Firewalld is a firewall management tool for Linux systems that uses dynamic firewall rules. To enable logging for denied packets in Firewalld, you will need to make some changes to the Firewalld configuration.
First, you need to set the log level to “debug” or “info”. You can do this by running the following command:
sudo firewall-cmd --set-log-level=debug
Then, you need to configure the firewall to log denied packets. You can do this by running the following command:
sudo firewall-cmd --add-rich-rule='rule family="ipv4" log prefix="FIREWALL: " level="info" accept'
This will create a rich rule that will log all the denied packets with the prefix “FIREWALL: ” and level info.
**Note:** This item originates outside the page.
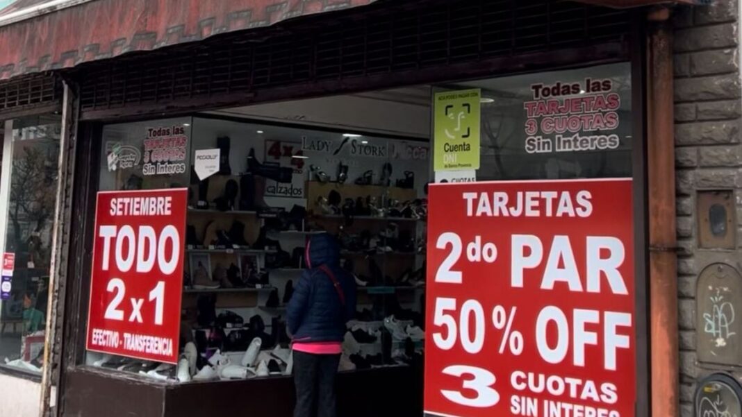 Jorge, el dueño de la zapatería decidió lanzar 2×1 en toda la tienda abonando en efectivo o transferencia el de mayor valor. “La promo es sólo por septiembre, es volumen de venta y atrae porque vendemos la mercadería al costo pero no nos alcanza para los gastos”, indicó.

You can also add the rule to the specific zone, for example, if you want to add the rule to the public zone use the following command:
sudo firewall-cmd --zone=public --add-rich-rule='rule family="ipv4" log prefix="FIREWALL: " level="info" accept'
You should now see Firewalld logging denied packets in your system logs. You can check the logs by running the following command:
sudo journalctl -fu firewalld
Note that, if you make any changes to the firewalld configuration, you’ll need to run the --reload option to apply the changes.
sudo firewall-cmd --reload
It’s important to note that enabling logging for denied packets can generate a large amount of log data, so you should be sure to monitor your log files and rotate them as needed to avoid filling up your storage.